• **Exercise details**: Your answer should hold exactly the lines below from the line with "釣りは、前日の準備のワクワクする時からすでに始まっています。" through the line with "This vintage-style miniature", both included, and no pictures at all.

• **Data extracts**:
- - - - -

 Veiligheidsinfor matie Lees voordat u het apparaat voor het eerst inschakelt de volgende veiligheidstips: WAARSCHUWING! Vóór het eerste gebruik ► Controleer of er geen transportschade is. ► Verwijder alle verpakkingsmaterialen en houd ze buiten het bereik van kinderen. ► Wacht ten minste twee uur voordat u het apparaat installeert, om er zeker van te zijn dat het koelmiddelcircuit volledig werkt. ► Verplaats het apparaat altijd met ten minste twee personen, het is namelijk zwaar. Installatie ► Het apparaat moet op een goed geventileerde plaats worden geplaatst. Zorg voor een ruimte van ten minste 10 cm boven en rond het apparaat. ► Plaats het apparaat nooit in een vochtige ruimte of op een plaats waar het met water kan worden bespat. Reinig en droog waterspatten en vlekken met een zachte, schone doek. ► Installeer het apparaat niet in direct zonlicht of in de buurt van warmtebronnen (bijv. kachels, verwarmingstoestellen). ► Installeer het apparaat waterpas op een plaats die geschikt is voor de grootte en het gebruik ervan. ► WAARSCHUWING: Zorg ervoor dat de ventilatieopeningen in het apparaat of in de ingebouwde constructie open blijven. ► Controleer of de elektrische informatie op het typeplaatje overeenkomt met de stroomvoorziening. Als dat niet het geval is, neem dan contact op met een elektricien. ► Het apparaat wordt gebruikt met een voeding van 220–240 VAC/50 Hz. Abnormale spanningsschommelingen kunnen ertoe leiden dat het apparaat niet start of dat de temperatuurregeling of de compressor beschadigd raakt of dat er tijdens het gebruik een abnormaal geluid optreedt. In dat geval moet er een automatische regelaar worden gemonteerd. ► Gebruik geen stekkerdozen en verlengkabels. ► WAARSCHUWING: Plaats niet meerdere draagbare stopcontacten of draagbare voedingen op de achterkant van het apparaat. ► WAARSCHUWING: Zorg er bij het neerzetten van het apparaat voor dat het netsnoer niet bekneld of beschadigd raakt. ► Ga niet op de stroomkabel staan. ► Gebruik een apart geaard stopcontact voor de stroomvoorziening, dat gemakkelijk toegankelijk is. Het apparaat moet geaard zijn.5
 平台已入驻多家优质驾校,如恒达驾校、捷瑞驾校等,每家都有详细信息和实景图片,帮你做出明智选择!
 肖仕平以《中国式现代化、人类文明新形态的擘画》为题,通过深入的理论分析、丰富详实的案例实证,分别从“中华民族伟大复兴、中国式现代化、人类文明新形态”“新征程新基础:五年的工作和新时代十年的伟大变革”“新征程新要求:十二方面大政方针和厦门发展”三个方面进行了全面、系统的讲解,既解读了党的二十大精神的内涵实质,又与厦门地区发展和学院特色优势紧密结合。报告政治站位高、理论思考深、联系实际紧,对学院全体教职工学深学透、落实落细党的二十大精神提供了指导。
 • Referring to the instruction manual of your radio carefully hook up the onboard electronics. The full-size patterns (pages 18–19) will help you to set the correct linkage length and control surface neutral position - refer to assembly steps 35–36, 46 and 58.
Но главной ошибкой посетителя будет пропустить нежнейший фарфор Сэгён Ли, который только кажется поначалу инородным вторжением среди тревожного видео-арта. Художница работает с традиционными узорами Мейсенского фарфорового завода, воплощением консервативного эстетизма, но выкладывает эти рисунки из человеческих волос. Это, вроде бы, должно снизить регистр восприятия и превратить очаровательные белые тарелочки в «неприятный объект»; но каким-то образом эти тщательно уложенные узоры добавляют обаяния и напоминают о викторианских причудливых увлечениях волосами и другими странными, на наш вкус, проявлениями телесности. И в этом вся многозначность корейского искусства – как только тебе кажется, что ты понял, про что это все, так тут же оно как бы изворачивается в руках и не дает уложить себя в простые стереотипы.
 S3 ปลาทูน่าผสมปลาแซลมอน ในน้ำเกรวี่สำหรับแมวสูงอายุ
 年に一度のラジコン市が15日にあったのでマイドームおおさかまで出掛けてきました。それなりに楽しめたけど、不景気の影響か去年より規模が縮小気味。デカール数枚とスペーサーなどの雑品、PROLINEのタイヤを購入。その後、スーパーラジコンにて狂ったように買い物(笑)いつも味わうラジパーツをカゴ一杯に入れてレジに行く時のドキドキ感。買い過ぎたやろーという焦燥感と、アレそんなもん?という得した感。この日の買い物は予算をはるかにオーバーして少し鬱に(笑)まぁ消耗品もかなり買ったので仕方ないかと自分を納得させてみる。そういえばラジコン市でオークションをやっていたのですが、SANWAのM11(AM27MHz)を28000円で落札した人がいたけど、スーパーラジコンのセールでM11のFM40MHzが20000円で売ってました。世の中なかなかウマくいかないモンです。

- - - - -

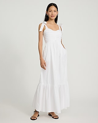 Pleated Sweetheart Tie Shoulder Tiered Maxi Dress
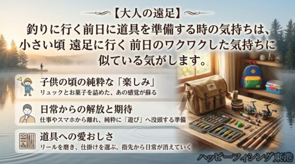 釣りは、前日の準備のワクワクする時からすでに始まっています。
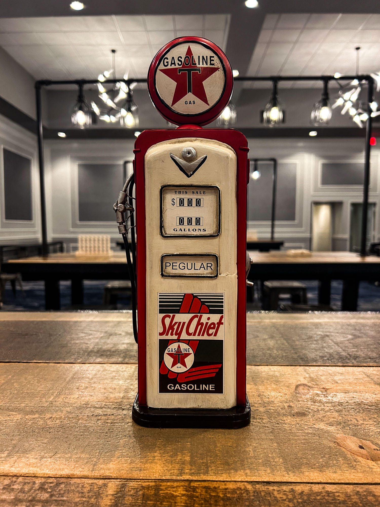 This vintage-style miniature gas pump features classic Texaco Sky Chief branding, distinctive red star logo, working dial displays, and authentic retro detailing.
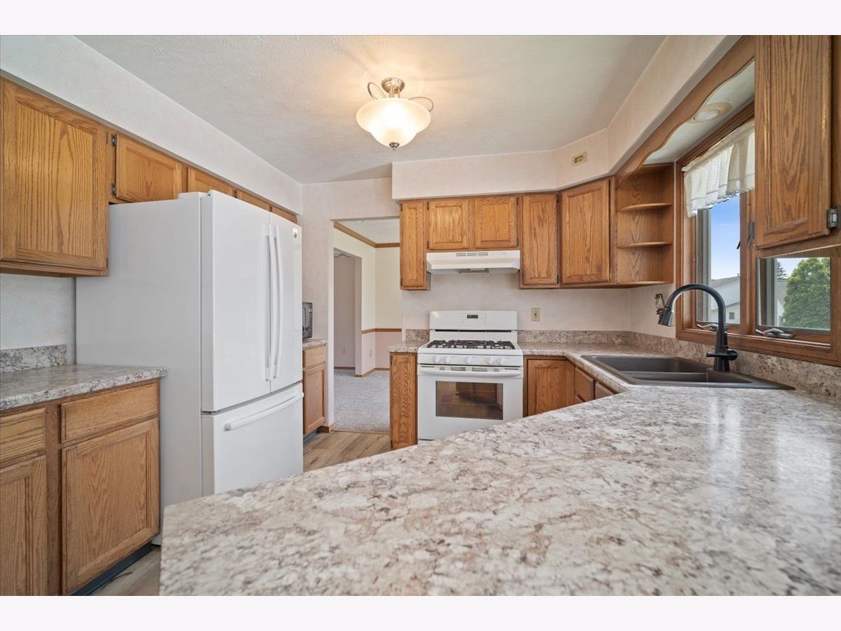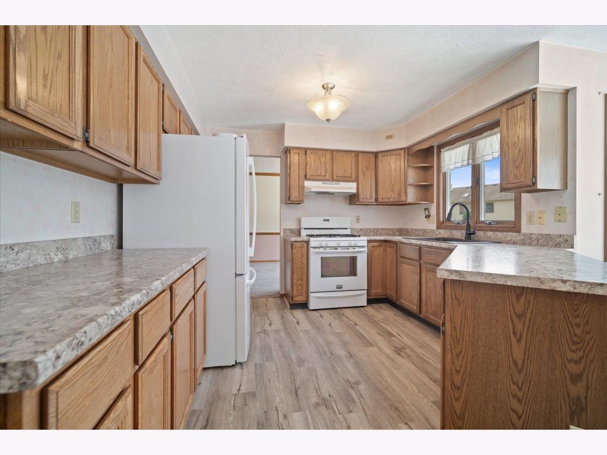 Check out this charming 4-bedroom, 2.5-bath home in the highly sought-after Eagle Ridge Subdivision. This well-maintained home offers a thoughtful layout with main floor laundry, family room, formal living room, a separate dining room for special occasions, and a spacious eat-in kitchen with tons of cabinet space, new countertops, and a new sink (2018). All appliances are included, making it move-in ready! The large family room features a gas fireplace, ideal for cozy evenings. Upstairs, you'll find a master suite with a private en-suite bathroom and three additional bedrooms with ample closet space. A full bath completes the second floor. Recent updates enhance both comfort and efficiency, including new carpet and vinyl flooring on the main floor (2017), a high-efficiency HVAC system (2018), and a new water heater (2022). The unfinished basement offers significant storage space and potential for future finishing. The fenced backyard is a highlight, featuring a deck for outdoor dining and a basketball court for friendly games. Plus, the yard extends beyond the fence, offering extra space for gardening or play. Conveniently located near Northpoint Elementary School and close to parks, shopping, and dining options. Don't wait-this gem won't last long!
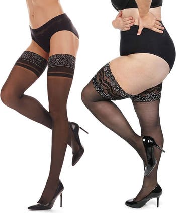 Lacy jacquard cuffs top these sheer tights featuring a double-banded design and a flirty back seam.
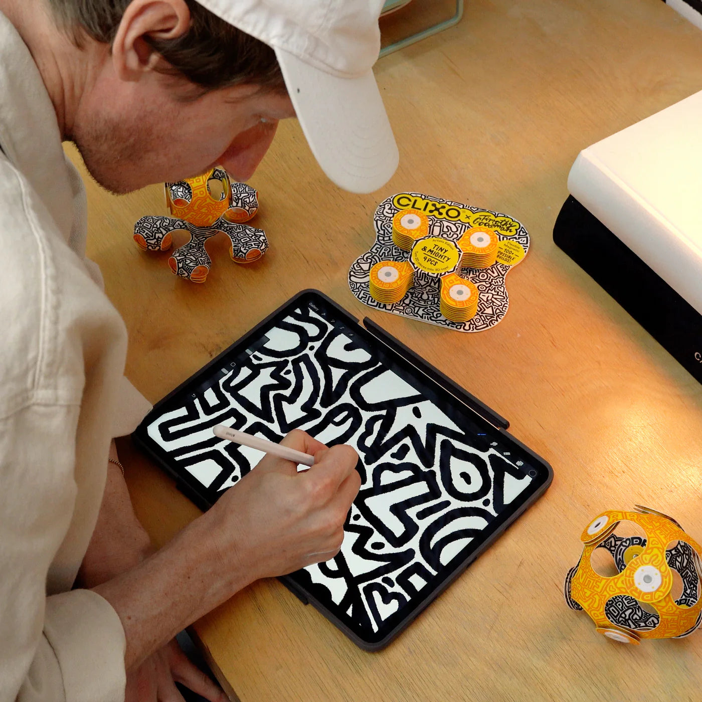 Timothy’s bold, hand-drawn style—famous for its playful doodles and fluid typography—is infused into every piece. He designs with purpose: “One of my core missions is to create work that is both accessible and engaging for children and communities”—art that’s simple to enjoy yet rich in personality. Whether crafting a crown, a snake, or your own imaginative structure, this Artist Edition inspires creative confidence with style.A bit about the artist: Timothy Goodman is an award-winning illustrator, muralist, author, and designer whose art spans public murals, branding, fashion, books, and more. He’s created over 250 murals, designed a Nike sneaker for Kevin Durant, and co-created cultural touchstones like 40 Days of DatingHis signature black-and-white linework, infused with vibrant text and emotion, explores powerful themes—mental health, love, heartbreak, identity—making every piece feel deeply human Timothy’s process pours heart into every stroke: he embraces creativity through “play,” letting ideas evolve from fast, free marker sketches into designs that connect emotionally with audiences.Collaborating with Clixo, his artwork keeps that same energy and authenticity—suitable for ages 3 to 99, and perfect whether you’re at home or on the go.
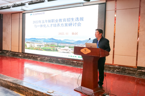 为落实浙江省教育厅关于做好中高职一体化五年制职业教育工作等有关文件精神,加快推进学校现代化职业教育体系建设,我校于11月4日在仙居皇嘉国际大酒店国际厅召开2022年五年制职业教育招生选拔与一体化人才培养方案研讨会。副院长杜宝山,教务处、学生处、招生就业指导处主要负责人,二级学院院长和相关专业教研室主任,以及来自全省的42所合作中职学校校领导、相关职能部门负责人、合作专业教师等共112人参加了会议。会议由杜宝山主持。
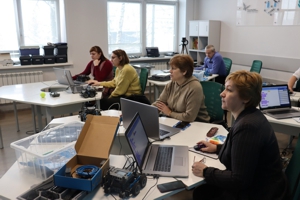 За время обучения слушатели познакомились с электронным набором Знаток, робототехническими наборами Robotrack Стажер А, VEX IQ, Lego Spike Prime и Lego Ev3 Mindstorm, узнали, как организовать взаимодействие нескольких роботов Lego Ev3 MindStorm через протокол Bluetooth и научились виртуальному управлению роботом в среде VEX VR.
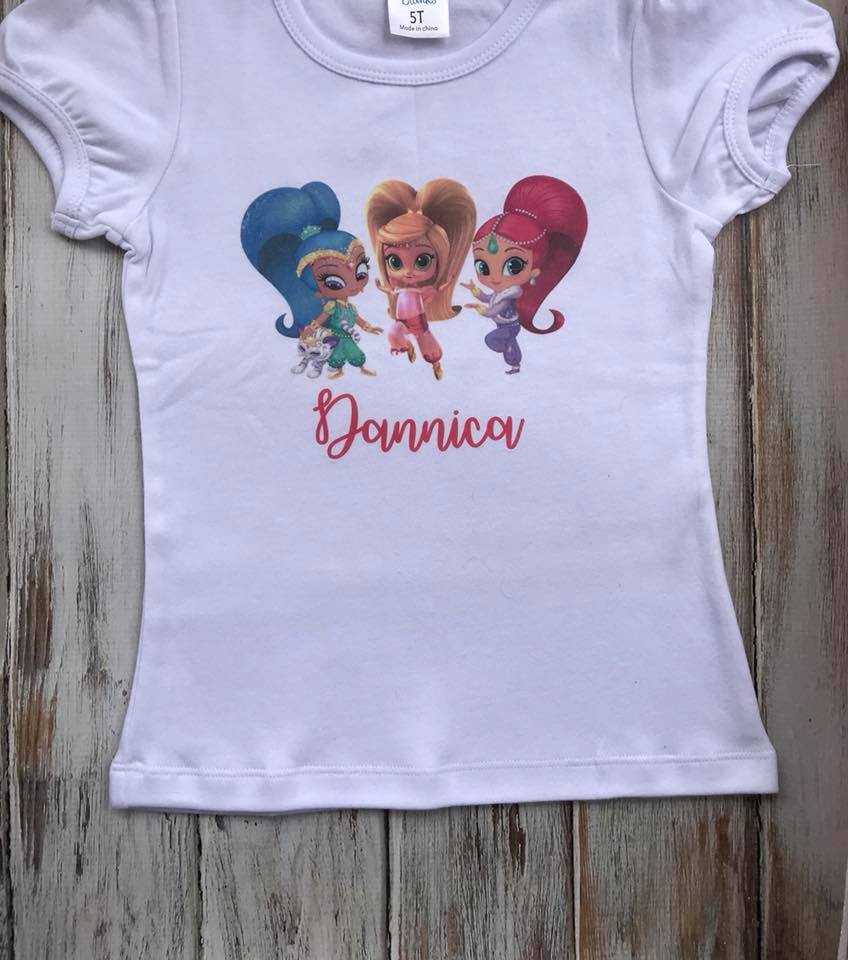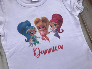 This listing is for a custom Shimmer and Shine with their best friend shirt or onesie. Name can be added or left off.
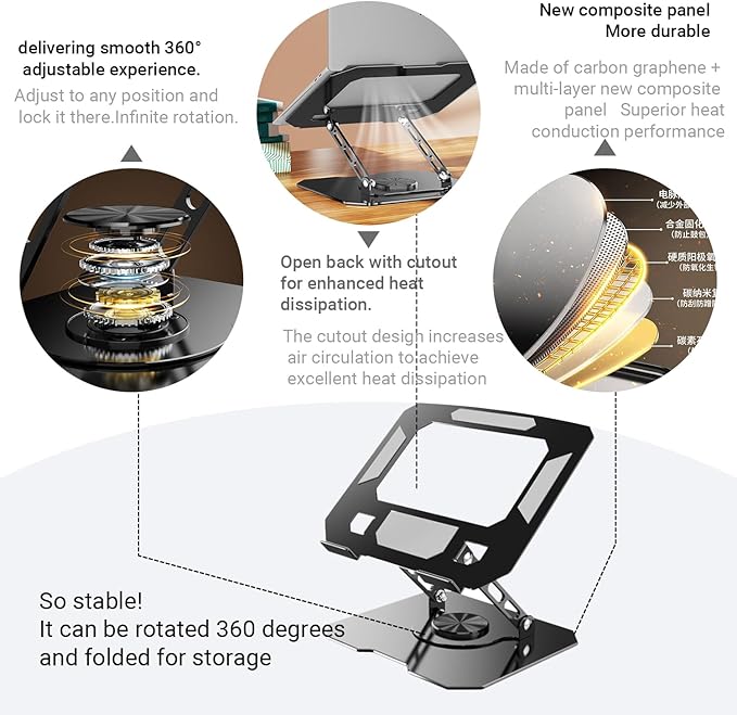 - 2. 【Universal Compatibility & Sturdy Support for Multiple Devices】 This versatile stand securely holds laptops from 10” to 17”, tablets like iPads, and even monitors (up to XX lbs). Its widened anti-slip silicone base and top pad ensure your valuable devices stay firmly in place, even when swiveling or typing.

- - - - -

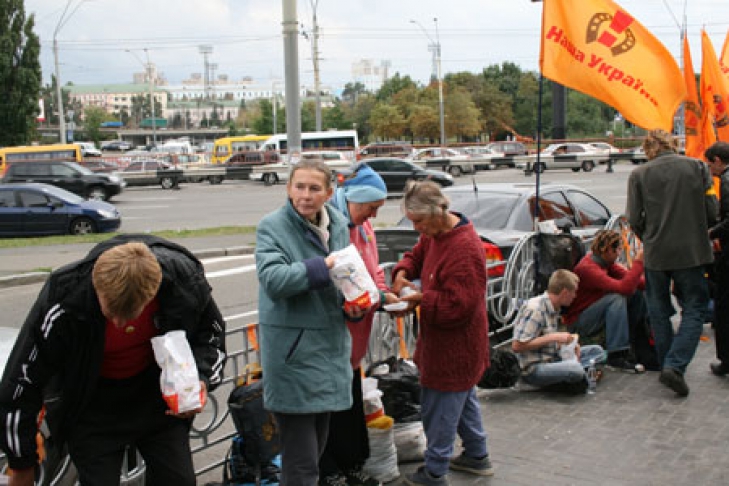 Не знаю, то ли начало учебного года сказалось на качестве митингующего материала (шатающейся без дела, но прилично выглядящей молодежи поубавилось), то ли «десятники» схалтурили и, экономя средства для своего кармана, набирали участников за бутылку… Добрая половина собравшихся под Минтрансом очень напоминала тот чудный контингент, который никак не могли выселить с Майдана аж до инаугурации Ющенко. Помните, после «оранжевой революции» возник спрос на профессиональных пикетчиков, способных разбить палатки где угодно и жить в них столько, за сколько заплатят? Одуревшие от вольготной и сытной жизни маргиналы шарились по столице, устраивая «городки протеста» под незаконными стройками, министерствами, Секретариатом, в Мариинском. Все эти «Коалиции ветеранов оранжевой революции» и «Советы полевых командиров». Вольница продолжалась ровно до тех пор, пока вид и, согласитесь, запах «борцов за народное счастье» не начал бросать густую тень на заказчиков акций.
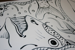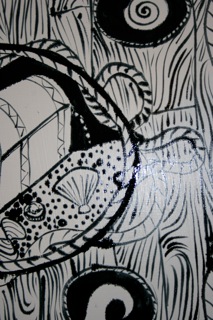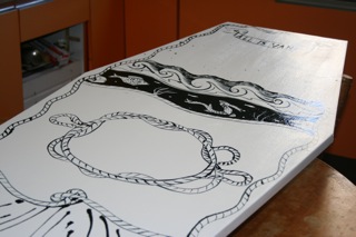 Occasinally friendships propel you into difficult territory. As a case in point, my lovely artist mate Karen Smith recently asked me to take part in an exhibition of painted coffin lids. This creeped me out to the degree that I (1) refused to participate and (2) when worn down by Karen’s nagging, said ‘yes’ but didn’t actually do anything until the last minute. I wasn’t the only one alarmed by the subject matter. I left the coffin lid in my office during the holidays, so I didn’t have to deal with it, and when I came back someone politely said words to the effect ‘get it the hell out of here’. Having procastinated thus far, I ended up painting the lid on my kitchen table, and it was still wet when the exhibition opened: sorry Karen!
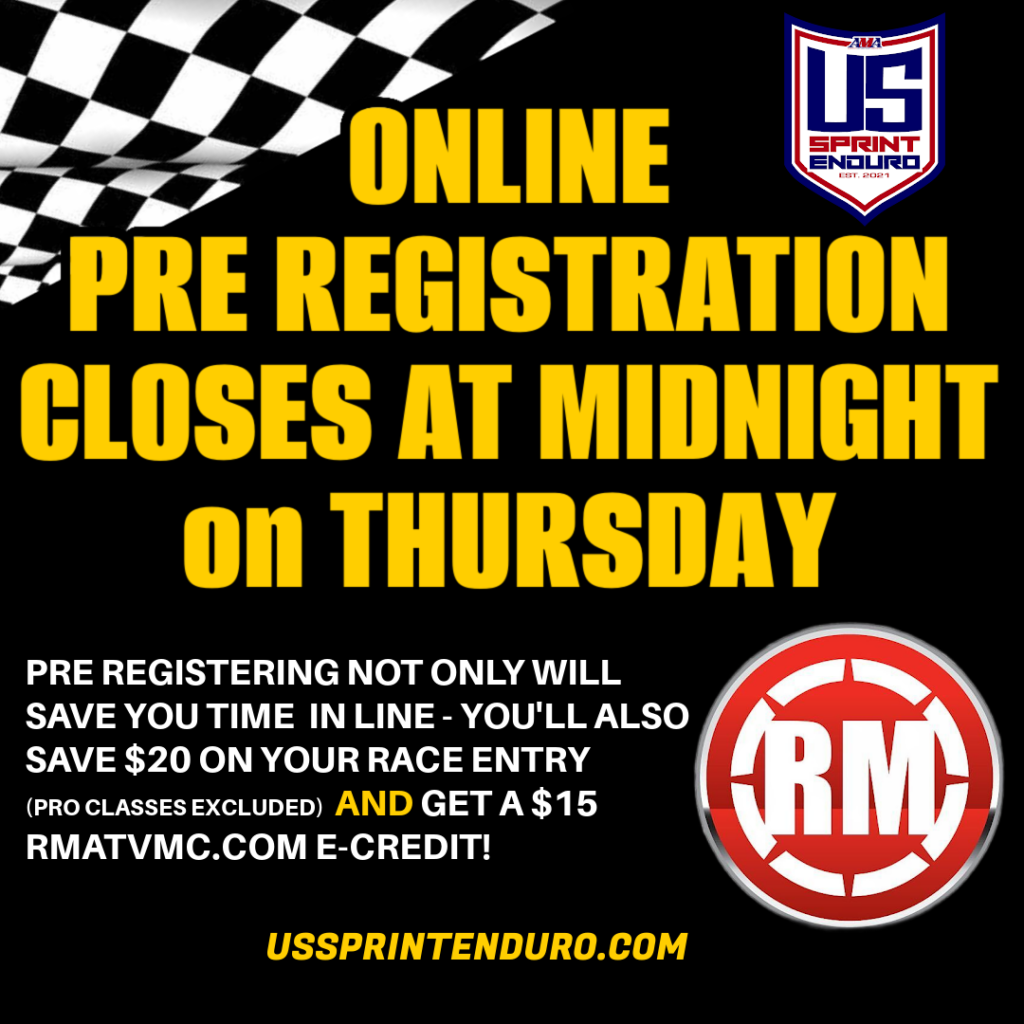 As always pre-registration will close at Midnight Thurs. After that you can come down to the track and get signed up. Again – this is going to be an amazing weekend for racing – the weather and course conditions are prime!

- - - - -

• **Written answer**:
 釣りは、前日の準備のワクワクする時からすでに始まっています。
 This vintage-style miniature gas pump features classic Texaco Sky Chief branding, distinctive red star logo, working dial displays, and authentic retro detailing.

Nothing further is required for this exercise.